J Mol Biol. 1994 Jan 7;235(1):42-6. doi: 10.1016/s0022-2836(05)80010-5.
The three-dimensional structure of hen egg-white apo-avidin, crystallized in a tetragonal crystal form, has been refined to a crystallographic R-factor of 0.164 (for the 6390 observed reflections in the 10.0 to 2.8 A resolution range). As in the case of holo-avidin, from which starting atomic co-ordinates were derived, the functional tetramer shows 2-pseudo 22 molecular symmetry. Each promoter is organized in an eight-stranded antiparallel orthogonal beta-barrel, with extended loop regions, which define the biotin binding pocket in the protomer core. In the absence of biotin the binding site is only partly occupied by water molecules. The structure of the binding site residues, as observed in apo-avidin, is highly complementary to that of the incoming biotin molecule, accounting for prompt and specific recognition. A crystal lattice contact may play a role in stabilizing the conformation of one protein loop, part of the biotin-binding pocket.

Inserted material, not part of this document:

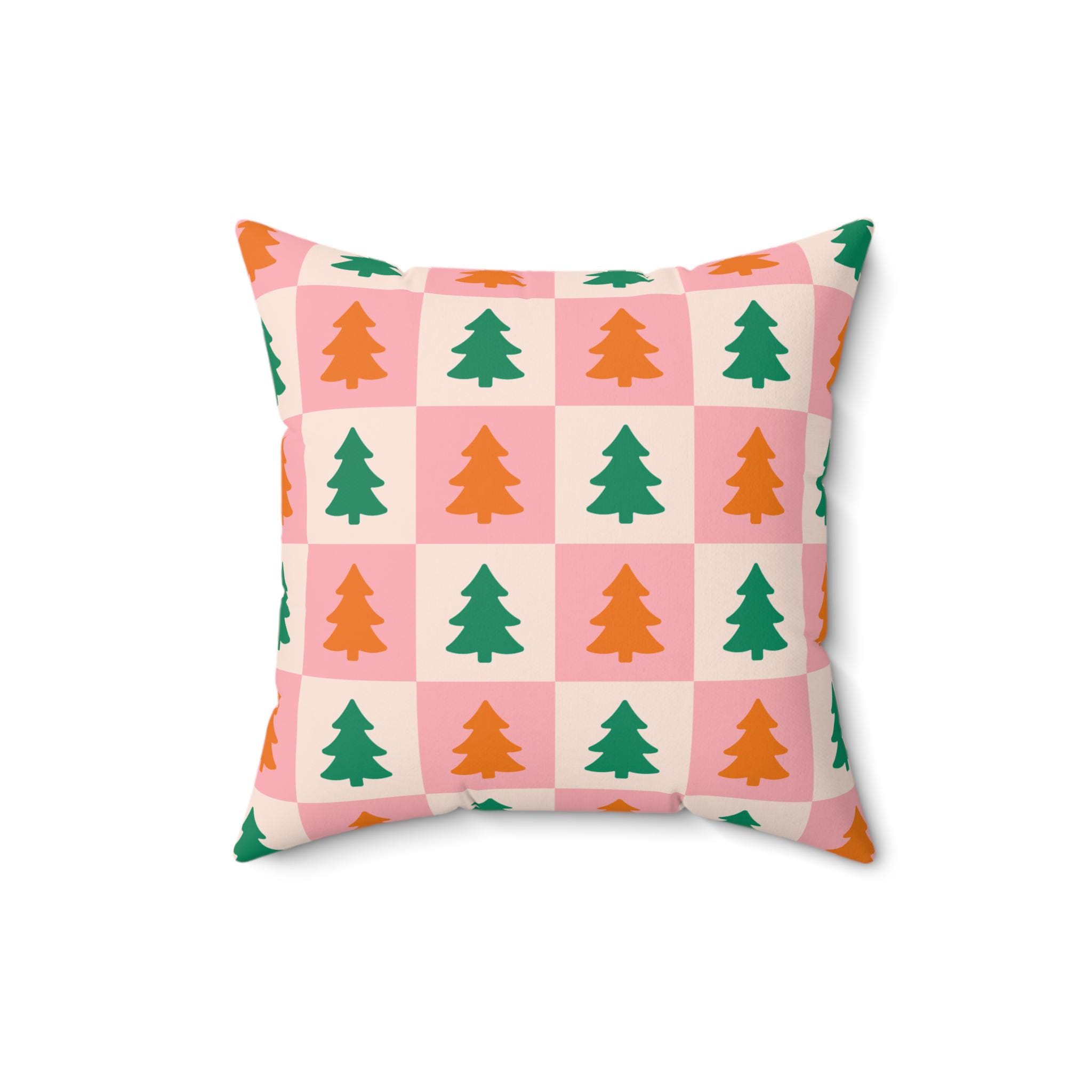 Introduce a touch of whimsy to your home with this charming square pillow. Featuring a delightful design of colorful trees set against a soft pink backdrop, this pillow adds warmth and joy to any space. Perfect for cozying up on your couch or decorating your favorite armchair, it brings a playful vibe to your living area. Ideal for homes celebrating holidays like Christmas and Thanksgiving or simply for anyone looking to elevate their home decor with cheerful accents. This pillow is perfect for art lovers, trendsetters, or anyone looking to refresh their space with a burst of joy and color.

以四方晶型结晶的鸡蛋清脱辅基抗生物素蛋白的三维结构已被精修至晶体学R因子为0.164(对于在10.0至2.8埃分辨率范围内观察到的6390个反射)。如同从中导出起始原子坐标的全抗生物素蛋白的情况一样,功能性四聚体显示出2-伪22分子对称性。每个亚基由一个八链反平行正交β-桶组成,具有延伸的环区域,这些区域在亚基核心中定义了生物素结合口袋。在没有生物素的情况下,结合位点仅部分被水分子占据。在脱辅基抗生物素蛋白中观察到的结合位点残基的结构与进入的生物素分子的结构高度互补,这解释了快速而特异性的识别。晶格接触可能在稳定一个蛋白质环(生物素结合口袋的一部分)的构象中起作用。